I guess the point is that mitigation methods exists, its not an unfixable problem. Then again for the gpu, CSM is not my preferred choice. I think we need to start developing alternatives with shadow mapping? So users can stick with CSM in webgl and other gpu efficient methods when migrating to webgpu. The downside of it is that other methods also need await for texture reads for the gpu which goes back to the root, bjs really needs to rework the shadow computation to account for async tex reads, cf, why I said the gpu and cpu are different beasts, not all codes are compatible as is…

Thoughts?

What do you mean? By default, a red texture is used for the depth map (5th parameter of the constructor), so a single channel texture is used.

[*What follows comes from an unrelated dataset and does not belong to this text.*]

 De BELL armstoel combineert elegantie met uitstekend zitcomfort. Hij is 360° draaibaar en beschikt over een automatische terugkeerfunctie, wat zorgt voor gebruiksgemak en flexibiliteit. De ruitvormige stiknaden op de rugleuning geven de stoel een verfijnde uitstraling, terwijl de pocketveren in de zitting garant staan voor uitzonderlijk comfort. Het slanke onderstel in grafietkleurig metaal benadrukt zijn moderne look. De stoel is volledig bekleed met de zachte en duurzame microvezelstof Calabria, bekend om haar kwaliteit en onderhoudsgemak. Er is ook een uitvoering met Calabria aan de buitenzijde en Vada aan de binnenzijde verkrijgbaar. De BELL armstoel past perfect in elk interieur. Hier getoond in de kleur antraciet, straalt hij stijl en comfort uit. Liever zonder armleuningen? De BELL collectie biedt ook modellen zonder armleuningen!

As you go on to say, all solutions are somewhat hackish, as they rely on adding a hard-coded value (even if provided by the user) to the max value. I don’t think it’s worth spending too much effort on this, but providing users a simple function that allows them to pass either a fixed offset or a percentage of the max distance value should probably be ok (something like setMaxDistanceTolerance(tolerance: number, isPercentage: boolean)), if you want to try it.

However, we shouldn’t add the async/await construct, so that WebGL is not affected.

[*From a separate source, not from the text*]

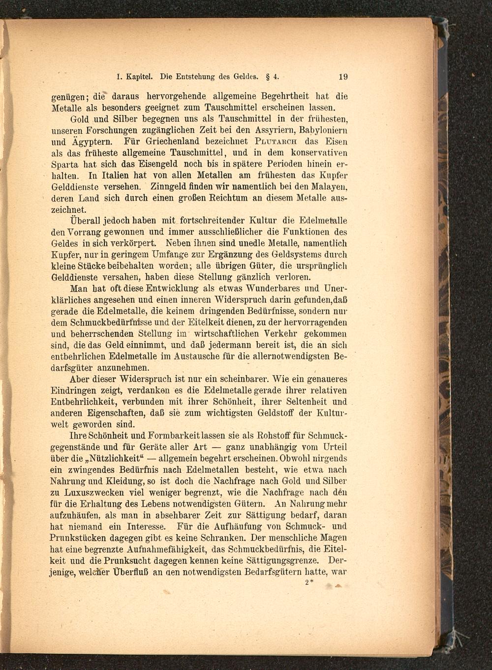Aber dieser Widerspruch ist nur ein scheinbarer. Wie ein genaueresEindringen zeigt, verdanken es die Edelmetalle gerade ihrer relativenEntbehrlichkeit, verbunden mit ihrer Schönheit, ihrer Seltenheit undanderen Eigenschaften, daß sie zum wichtigsten Geldstoff der Kultur-welt geworden sind.

For CSM, we should do most of the work on the GPU side to avoid reading back data on the CPU (see the section “GPU-Driven Cascade Setup and Scene Submission” in A Sampling of Shadow Techniques).

More generally, we should move to more GPU-driven rendering pipelines in the future to enable more advanced rendering techniques (see https://advances.realtimerendering.com/s2015/aaltonenhaar_siggraph2015_combined_final_footer_220dpi.pdf for example), but we first need to get MultiDrawIndirect support in WebGPU (which is not yet available at this time).

1 Like

I did not look too deeply, its likely I’m wrong. readPixels() was giving something like [0.00283123564,0,0,1] in webgl2 but [0.00283123564,0.00283123564,0.00283123564,0.00283123564] in webGPU for the first pixel?
If webGPU is storing only R channel in the depthMap, then its wai.

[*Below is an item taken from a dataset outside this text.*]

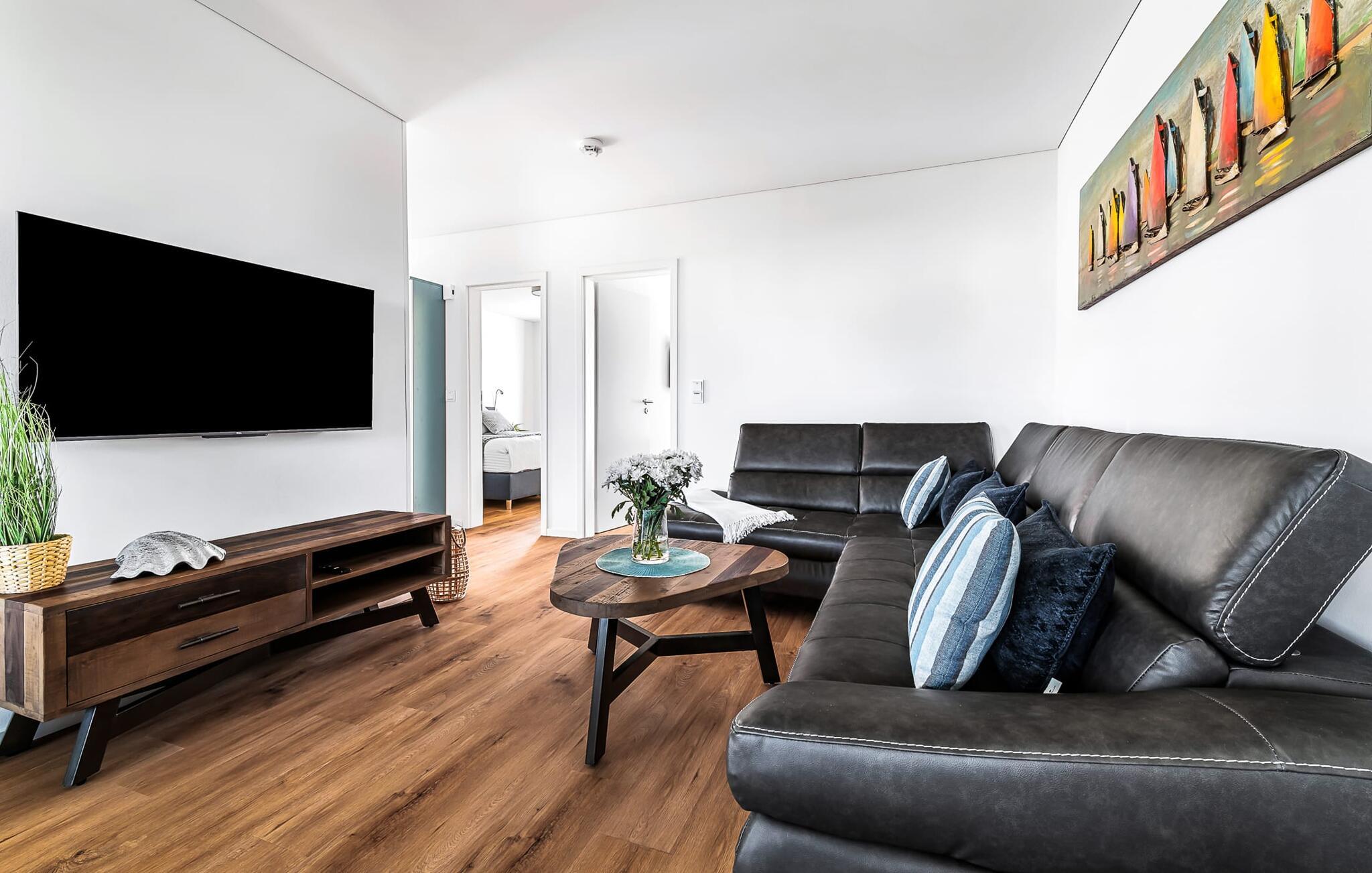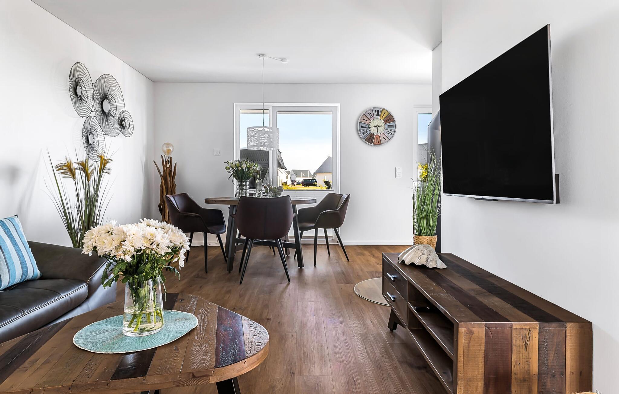 Det bliver romantisk foran pejsen i den hyggelige sofa. WiFi og Smart TV med Telekom Home Entertainment-program sørger også for indendørs underholdning.

Well, this was caught before I tested frame graphs which lead me to think that csm users were screwed trying to port to webGPU, hence, a mitigation was needed. With frame graph, csm in webGPU works fine! We just need to doc this so users know what to do. At this point, I do not think adding a hack is a good idea. A hack should really be considered if and only if there are no alternatives.

Agreed and thumbs up!

Yes, I’m aware. If we are on gpu, my first choice is still ray traced shadows. There is nothing wrong with csm except that the shadows are flat. With pbr, you will really want better lighting and more natural penumbras to match the realism. For games, jfa seems to be very promising with good perf as well for soft shadow. But it still doesn’t beat real time ray tracing. Now, I’m just rambling and we could go on and on, this really needs its own thread…tsk tsk.

Marking as solved, closing. Thanks for all the help! Cheers!

Yes, WebGPU also uses a red texture. Reading a texture is done by using a RGBA buffer, though, and WebGPU copies the same value to each channel.

I’m quite surprised, because CSM didn’t change with frame graphs, there’s still the “async” delay! Would you have a PG so that I can have a look?

lol, my bad. I did not toggle autoCalcBounds when I was testing csm with frame graphs. You can find the bug here.